SYMPHONY Takes longer to solve in new version primary due to items now not finding a solution in presolve

Forwarded from our development team: While upgrading from Symphony version 5.6.14 to version 5.6.17 we are seeing some strange behavior on both our linux and windows builds. The examples below were generated using the windows build but we are seeing similar behavior on linux as well. We have a small test case with 2,278 rows and also 2,278 constraints (LPT file attached in scenario.zip).

On version 5.6.14, this case solves almost immediately. On version 5.6.17, the case takes 2 to 2.5 minutes to solve. The output logs with verbosity level = 50 are attached. The default settings are being used (do_primal_heuristic=1, prep_level=5) and we have first feasible activated.

The runs are similar until it gets to the "Now displaying final relaxed solution..." message. The old version finds the solution right away using heuristics while the new version goes into iterations. So far, only this test scenario is showing the issue. -Bill

Nov 09 '20 20:11 xnaegamvala

5.6.17.new.txt 5.6.17.new.txt scenario.zip

Nov 09 '20 20:11 xnaegamvala

Unfortunately, I can't replicate this. With the parameter file

do_primal_heuristic 1
prep_level 5
find_first_feasible 1

which I understood to be the one you're using, I got an answer back almost instantly in both cases. Solving to provable optimality take substantially longer, but the gap is nearly zero in the root node, so there doesn't seem to be any need to go further. My output looks like this.

Preprocessing finished...
 	 constraints removed: 123
Problem has 
	 1180 constraints 
	 2278 variables 
	 119277 nonzero coefficients

Total Presolve Time: 0.137313...

Solving...

granularity set at 0.000000
[New LWP 13023]
[New LWP 13024]
[New LWP 13025]
[New LWP 13026]
[New LWP 13027]
[New LWP 13028]
[New LWP 13029]
Thread 3 now processing node 0
****************************************************
* Now processing NODE 0 LEVEL 0 (from TM)
****************************************************



**** Starting iteration 1 ****

solving root lp relaxation
The LP value is: -349573521.608 [0,1296]

SH-FEAS: 0 --- -349553186.045000 
LS-FEAS: 0 --- -349553186.045000 
****** Found Better Feasible Solution !
****** After Calling Heuristics !
****** Cost: -349566986.753000

fathoming node (no more cols to check)


****************************************************
* Stopping After Finding First Feasible Solution   *
* Now displaying stats and best solution found...  *
****************************************************

My pre-solve time is substantially faster than yours, which is strange unless you are using a very old processor.
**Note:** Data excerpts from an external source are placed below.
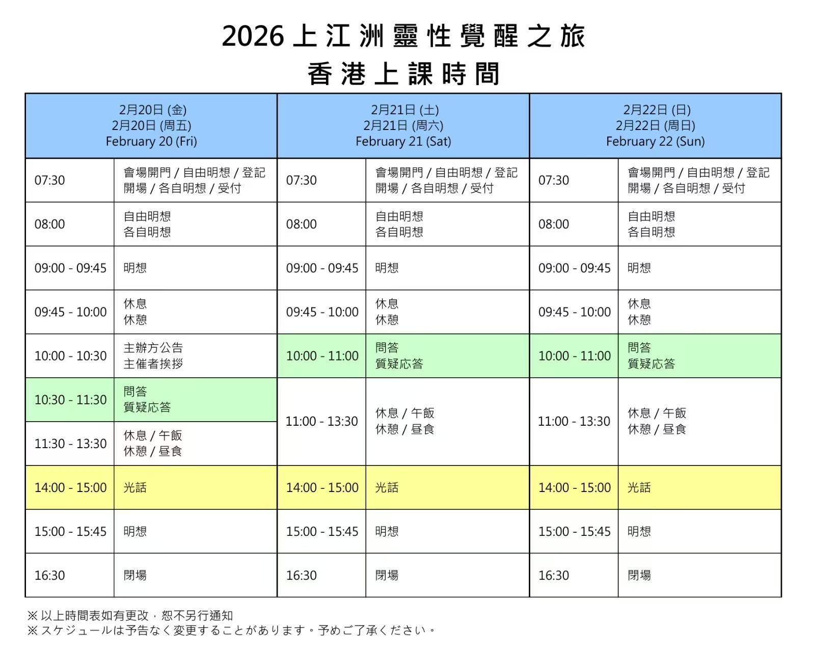 | 香港课程 | 2月20日~22日(周五~周日) | ・课程的通知 | ・课程表 |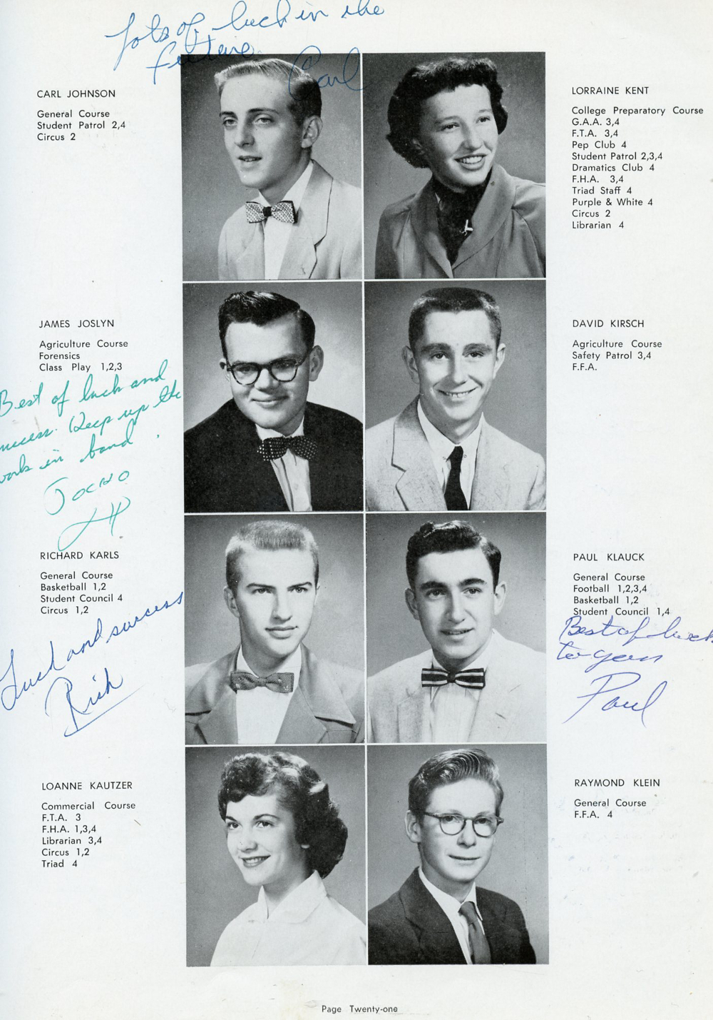 1956 Kiel High School, Page 21: Carl Johnson, James Joslyn, Richard Karls, Loanne Kautzer, Lorraine Kent, David Kirsch, Paul Klauck, Raymond Klein.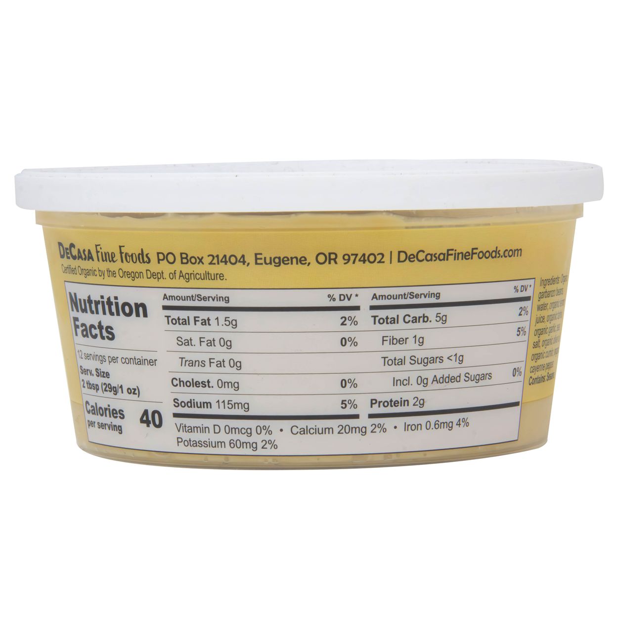 Ingredients: Organic Cooked Garbanzo Beans, Organic Tahini (Ground Sesame Seeds), Organic Olive Oil, Organic Fresh Lemon Juice, Organic Granulated Garlic, Sea Salt, Organic Spices, Citric Acid.
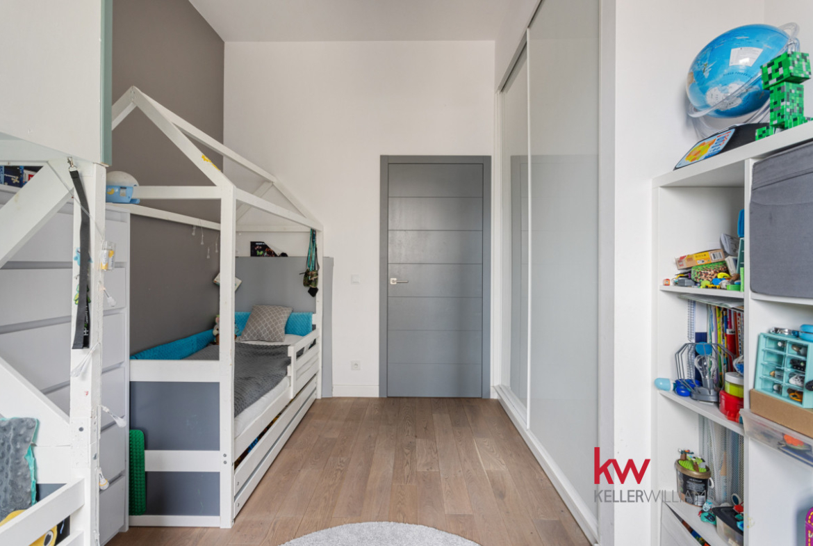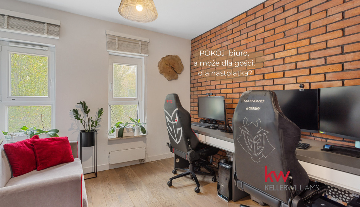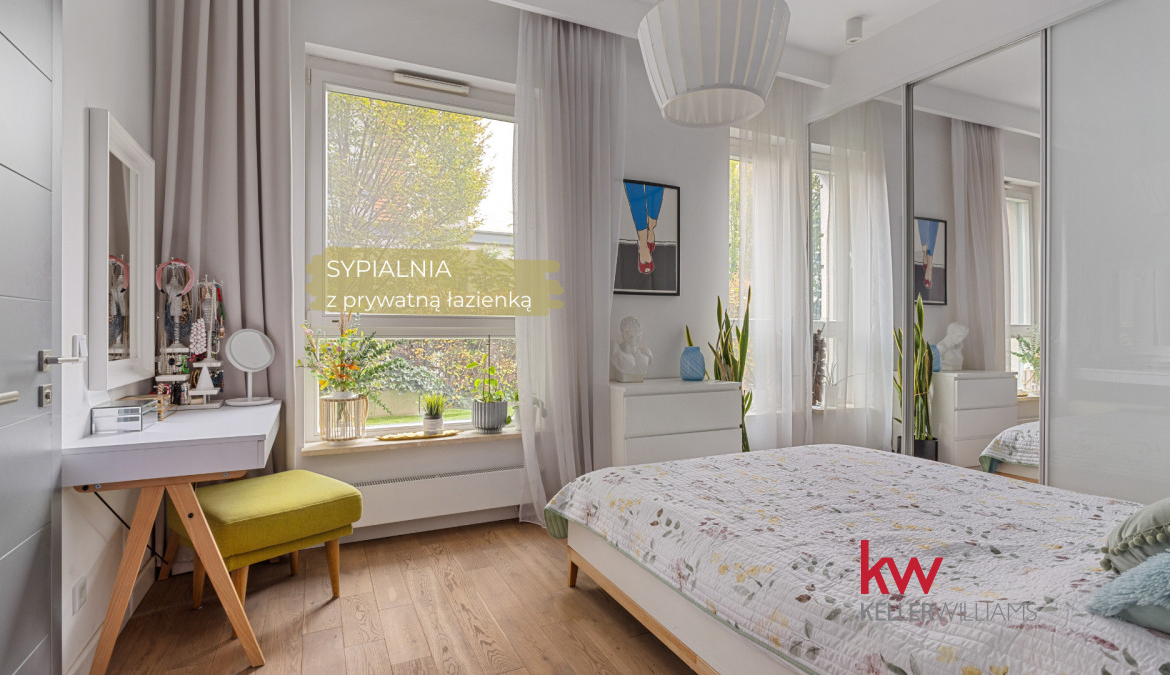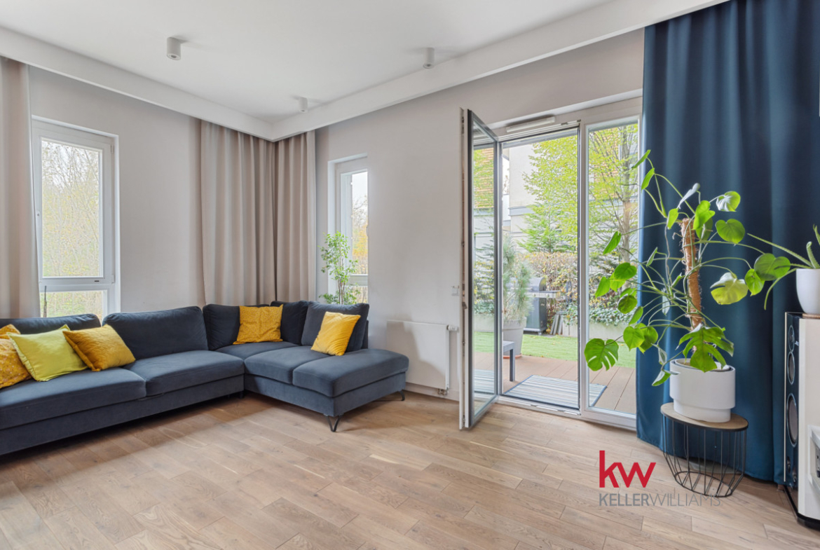 Z salonu wychodzisz bezpośrednio do prywatnego, zielonego ogródka otoczonego krzewami, który w okresie wiosenno-letnim jest naturalnym przedłużeniem części dziennej.
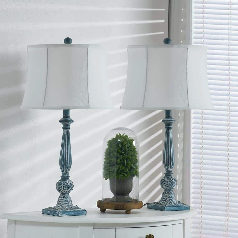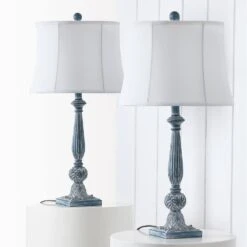 Timeless and simple design Gorgeous and elegant, this 22.25-inch table lamp is a delicate resin work of art with a classically artistic lamp post with a white linen palace shade perfect for modern home decor. Unique to this table lamp design is the white vertical patterned body that adds rich texture to your space while retaining its minimalist style. The style is neutral and will match essentially any decor. Also equipped with USB and 3-way switch to better meet your daily home lighting needs, it is UL certified for safe and reliable quality.

I did set the prep level to 5, as you said you did, and I got the same number of constraints and variables but a different number of non-zeros. So it seems we are not solving quite the same problem. Maybe that is a clue?

You seem to be using your own driver, so I can't really be sure if there could be differences there. Could you try with the SYMPHONY executable that is automatically built and see if you have the same result? I was wondering if it might have something to do with running multi-threaded so you could also try building without OpenMP support and see if that makes a difference. If you could tell me exactly how you built SYMPHONY, that would help (what arguments to configure, etc.).

I looked over the diff between the two versions and there really isn't any change that would have affected the solve time, so there's not a lot for me to go on. I did actually find a bug related to I found a bug related to the printing of the lower bound, but it shouldn't affect anything here.

So I'm kind of at a dead end unless you can point me to some more clues or information.

Nov 13 '20 04:11 tkralphs

Hi Ted,

I am one of the developers working with xnaegamvala. Following up a bit on the above.

Does "using your own driver" just mean that we are using our own wrapper to load our own binary file ? We generate the LP file right after we load the problem from our own file so I suppose the LP file generated might be a for a slightly different problem.

Our linux build (on a centos environment) uses the coinbrew utility to build the shared objects - the wrapper executable dynamically loads these shared objects. On windows, we are just using the provided visual studio projects (VS2015) to build the various symphony libraries that are statically linked into our wrapper executable.

In my local testing of the issue on windows, I forced the number of threads to 1 (sym_int_TM_max_active_nodes=1). I could attempt to build without OpenMP support. However, I believe that by setting the processing threads to 1 parallel processing can probably be ruled out as the root cause.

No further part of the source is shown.